THE DATA |
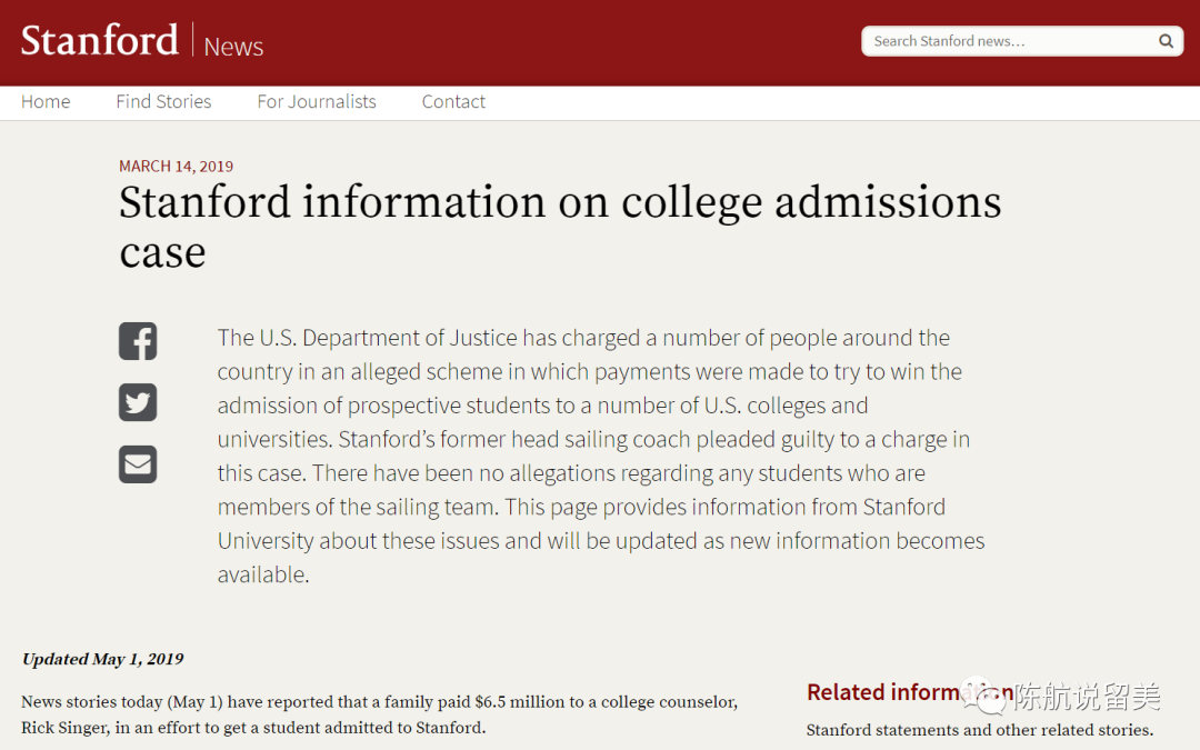 去年,中国家长卷入斯坦福贿赂一事闹得沸沸扬扬,一方面校方面表示对贿赂并不知情,开除赵同学全然是因为发现其申请材料造假,而另一方赵同学那边则表示以为是合法的捐款,并不知道钱被用于贿赂。
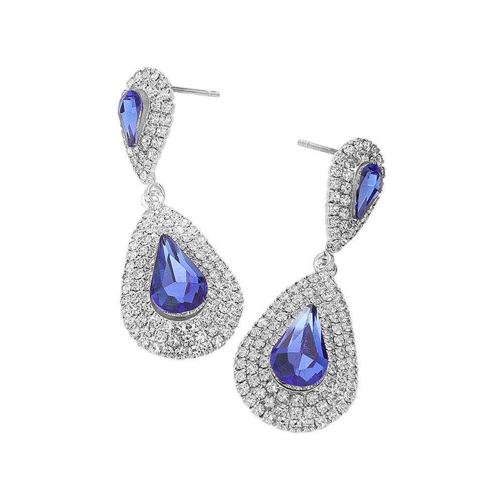 Details • Size : 0.6" X 1.75" • Post Back • Dazzling teardrop dangle earrings with a layered outline of shimmering stones and a brilliant center accent. Ideal for special occasions, adding sophisticated flair and sparkle to any elegant outfit.
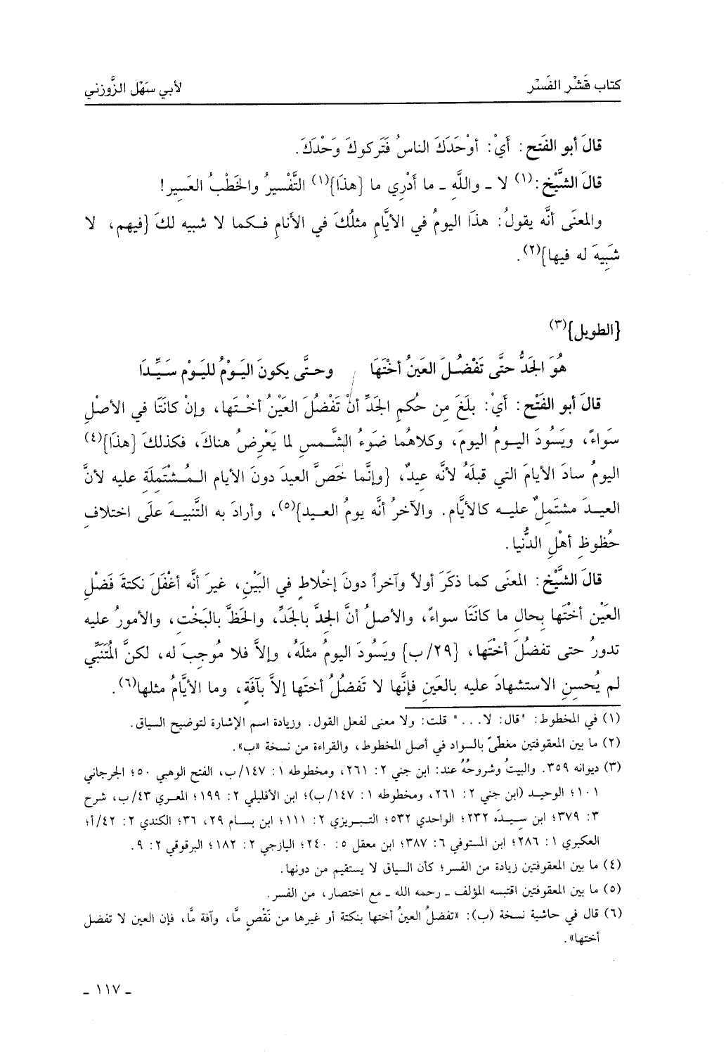 قال الشيخ: المعنى كما ذكر أولاً وأخراً دون إخلاط في البين، غير أنه أغفل نكتة فضل العين على أختها بحال ما كانتا سواء، والأصل أن الجد بالجد والحظ بالبخت، والأمور عليه تدور حتى تفضل أختها، ويسود اليوم مثله وإلا فلا موجب له. لكن المتنبي لم يحسن الاستشهاد عليه بالعين، فإنها لا تفضل أختها إلا بآفةٍ وما الأيام مثلها.

WHAT THIS TASK INVOLVES | Copy out the material exactly as it stands, though no picture should appear in the copy.

WRITTEN ANSWER |
 去年,中国家长卷入斯坦福贿赂一事闹得沸沸扬扬,一方面校方面表示对贿赂并不知情,开除赵同学全然是因为发现其申请材料造假,而另一方赵同学那边则表示以为是合法的捐款,并不知道钱被用于贿赂。
 Details • Size : 0.6" X 1.75" • Post Back • Dazzling teardrop dangle earrings with a layered outline of shimmering stones and a brilliant center accent. Ideal for special occasions, adding sophisticated flair and sparkle to any elegant outfit.
 قال الشيخ: المعنى كما ذكر أولاً وأخراً دون إخلاط في البين، غير أنه أغفل نكتة فضل العين على أختها بحال ما كانتا سواء، والأصل أن الجد بالجد والحظ بالبخت، والأمور عليه تدور حتى تفضل أختها، ويسود اليوم مثله وإلا فلا موجب له. لكن المتنبي لم يحسن الاستشهاد عليه بالعين، فإنها لا تفضل أختها إلا بآفةٍ وما الأيام مثلها.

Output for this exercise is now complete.